AMD first onto Direct3D 11
For a while now, AMD’s graphics division has been on very good form and we’ve been agreeably surprised on a number of occasions. First onto the minor revision of Direct3D 10 hardware, first onto GDDR5, first to the 55nm, then 40nm process. You have to say that there have been a series of positive developments one after the other and the arrival of the new Radeon HD 5000 range is the culmination of these.
The release also respects the cycle that has been repeating for some time: NVIDIA first on DirectX 8, AMD (ATI at the time) first on DirectX 9, NVIDIA first on Direct3D 10 – the alternation has been respected. To be first onto a major new revision of the most used graphics API is an important strategic advantage as this means you become the platform of preference for developers.
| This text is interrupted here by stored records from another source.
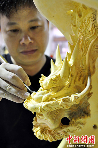 6月15日,來自臺灣的木雕高手官小欽在中國木雕現(xiàn)場創(chuàng)作大賽現(xiàn)場對作品《蛻變》中的一條龍進(jìn)行雕琢。6月6日至16日,第二屆中國木雕現(xiàn)場創(chuàng)作大賽在福建省莆田市舉行,來自臺灣、福建、山西、浙江、江西等地的25名木雕高手參加了比賽,現(xiàn)場創(chuàng)作最優(yōu)秀作品將獲得“獎元獎”。 林劍冰 攝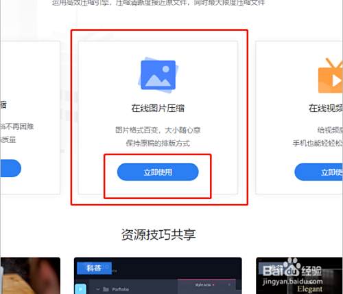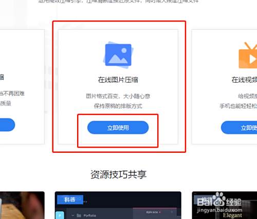 搜索在线图片压缩,找到在线图片压缩的网站后并打开,点击在线图片压缩下面的立即使用按钮。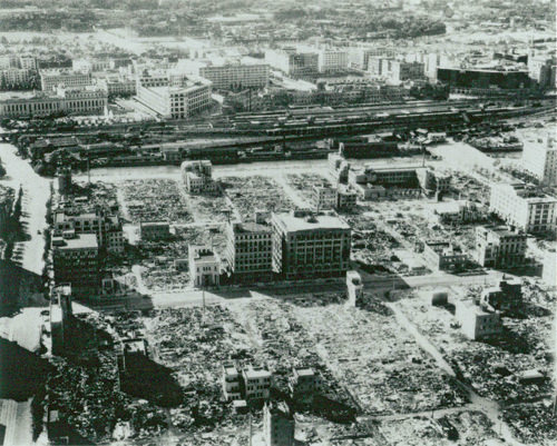 第二次世界大戦の空襲で被害を受けた、現八重洲二丁目および京橋一、二丁目あたりの様子。右上が東京駅八重洲口と八重洲橋(『東京建物百年史』より転載)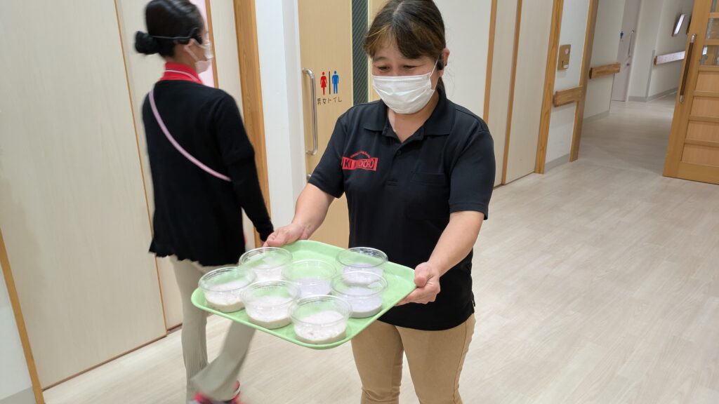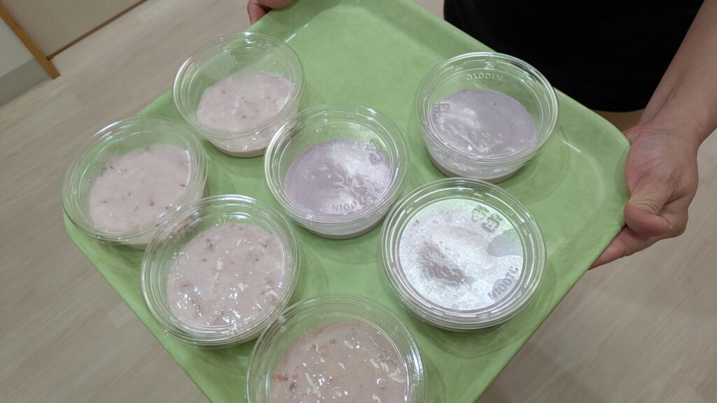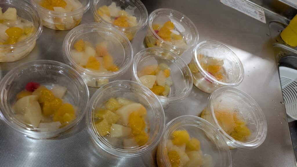 みなさまと協力してフルーツポンチやフルーチェを作りました。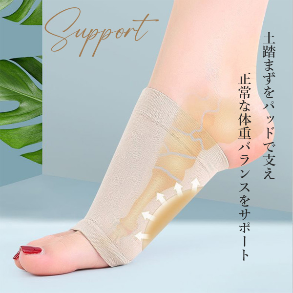 アーチパッドサポーターで土踏まず部分を支えることでバランスの良い歩行をサポート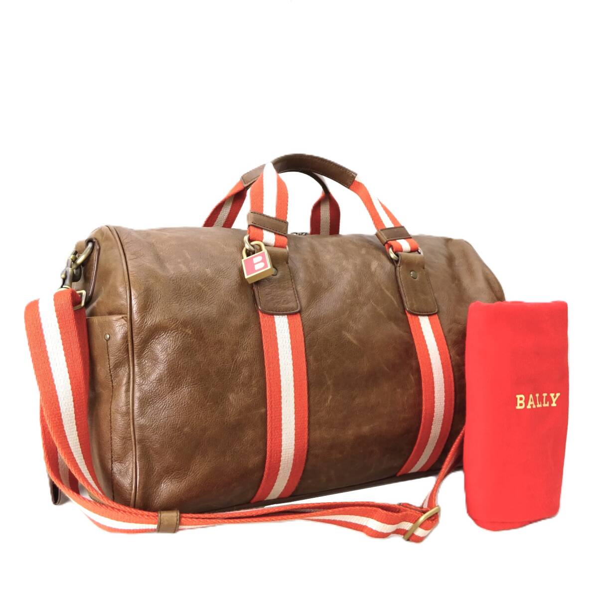 - 本物 良品■バリー BALLY■ストライプ レザー ボストン ブラウン ボストンバッグ トラベルバッグ

AMD is launching two variants of Cypress, the Radeon HD 5870 and the Radeon HD 5850, and doesn’t intend to stop there but will follow up with the rest of the range. Hemlock bi-GPU derivatives and mid-range (Juniper) are expected for the end of the month of October or November. At the beginning of 2010, two other cores will make their appearance and flood the entry-level: Redwood and Cedar.
While AMD wants to reassure us on the execution of this roadmap, a lot depends on TSMC and the progress it makes with its 40 nm production lines. Production has been suffering from numerous problems and stopped AMD from mass producing the Radeon HD 4770 GPU, the RV740. In principle these problems should be sorted out, but we’ll have to wait a few weeks to be sure.